One of the key findings of the elmcity project, so far, is that there’s a lot of calendar information online, but very little in machine-readable form. Transforming this implicit data about public events into explicit data is an important challenge. I’ve been invited to define the problem, for students who may want to tackle it as a school project. Here are the two major aspects I’ve identified.
A general scraper for calendar-like web pages
There are zillions of calendar-like web pages, like this one for Harlow’s Pub in Peterborough, NH. These ideally ought to be maintained using calendar programs that publish machine-readable iCalendar feeds which are also transformed and styled to create human-readable web pages. But that doesn’t (yet) commonly happen.
When that service shut down, I retained a list of the pages that elmcity curators were successfully transforming into iCalendar feeds using FuseCal. These are test cases for an HTML-to-iCalendar service. Anyone who’s handy with scraping libraries like Beautiful Soup can solve these individually. The challenge here is to create, by abstraction and generalization, an engine that can handle a significant swath of these cases.
A hybrid system for finding implicit recurring events and making them explicit
Lots of implicit calendar data online doesn’t even pretend to be calendar-like, and cannot be harvested using a scraper. Finding one-off events in this category is out of scope for my project. But finding recurring events seems promising. The singular effort required to publish one of these will pay ongoing dividends.
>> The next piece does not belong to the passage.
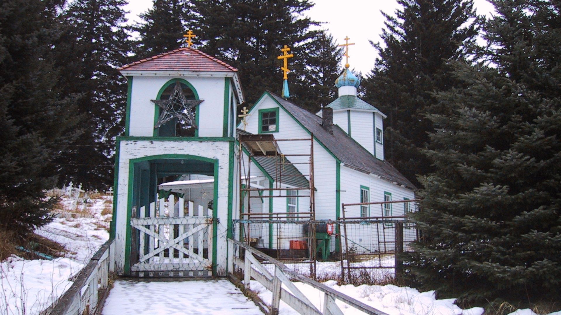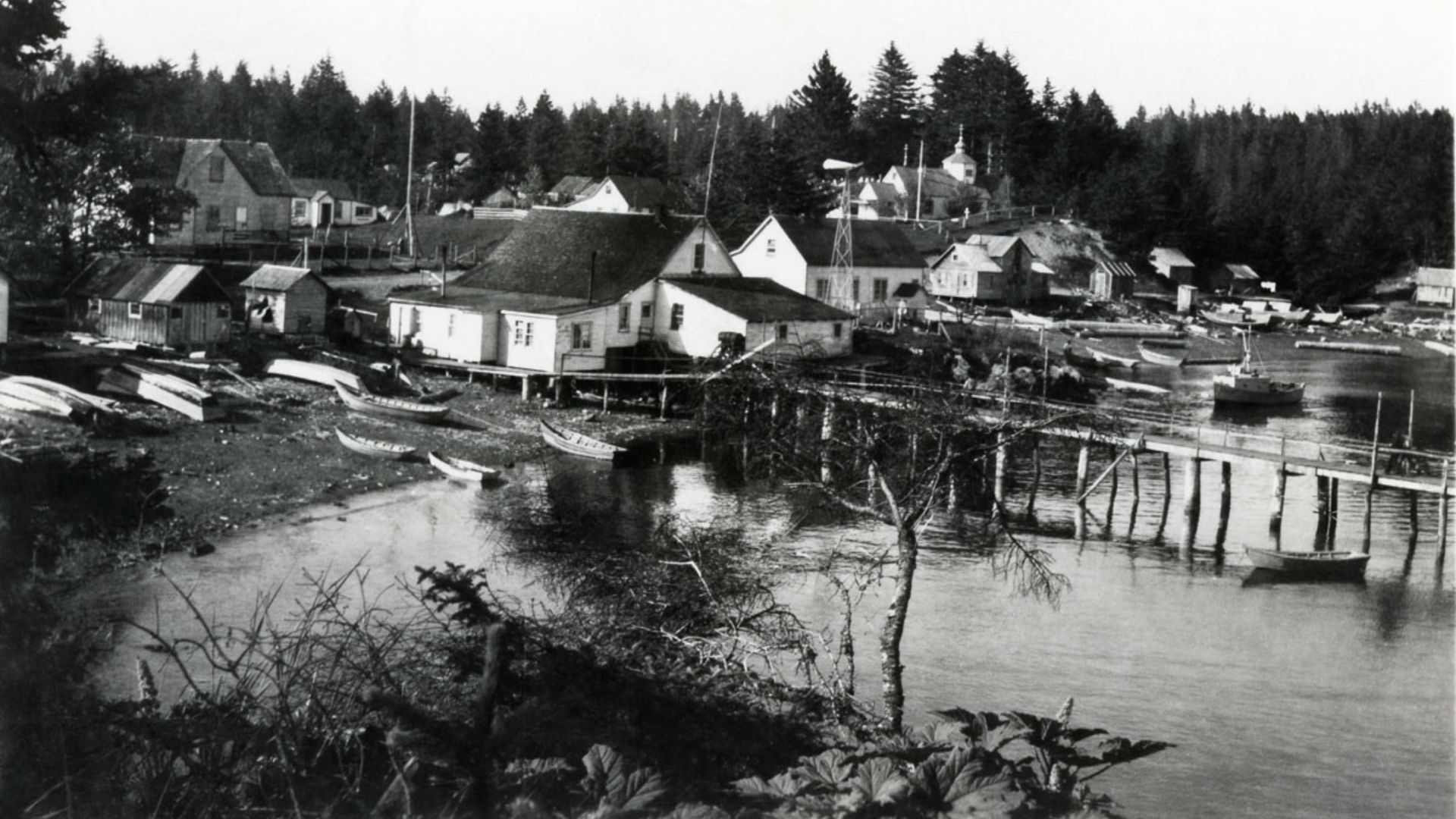 For over a century, Afognak had two distinct parts. Nasqualek—Aleut Town, at one end, was home to Alutiiq families. Taryuq—Russian Town, at the other end, housed retired Russian men, their Native wives, and Creole children. The communities had vegetable gardens, a fleet of wooden rowboats, a schoolhouse, and a Russian Orthodox chapel—the Church of the Nativity of the Theotokos.

It’s helpful that the language people use to describe these events — “every Tuesday”, “third Saturday of every month” — is distinctive. To being exploring this domain, I wrote a specialized search robot that looks for these patterns, in conjunction with names of places. Its output is available for all the cities and towns participating in the elmcity project. For example, this page is the output for Keene, NH. It includes more than 2000 links to web pages — or, quite often, PDF files — some fraction of which represent recurring events.
In Finding and connecting social capital I showed a couple of cases where the pages found this way did, in fact, represent recurring events that could be added to an iCalendar feed.
To a computer scientist this looks like a problem that you might solve using a natural language parser. And I think it is partly that, but only partly. Let’s look at another example:
At first glance, this looks hopeful:
First Monday of each month: Dads Group, 105 Castle Street, Keene NH
But the real world is almost always messier than that. For starters, that image comes from the Monadnock Men’s Resource Center’s Fall 2004 newsletter. So before I add this to a calendar, I’ll want to confirm the information. The newsletter is hosted at the MMRC site. Investigation yields these observations:
The most recent issue of the newsletter was Winter ’06
The last-modified date of the MMRC home page is September 2008
As of that date, the Dads Group still seems to have been active, under a slightly different name: Parent Outreach Project, DadTime Program, 355-3082
There’s no email address, only a phone number.
So I called the number, left a message, and will soon know the current status.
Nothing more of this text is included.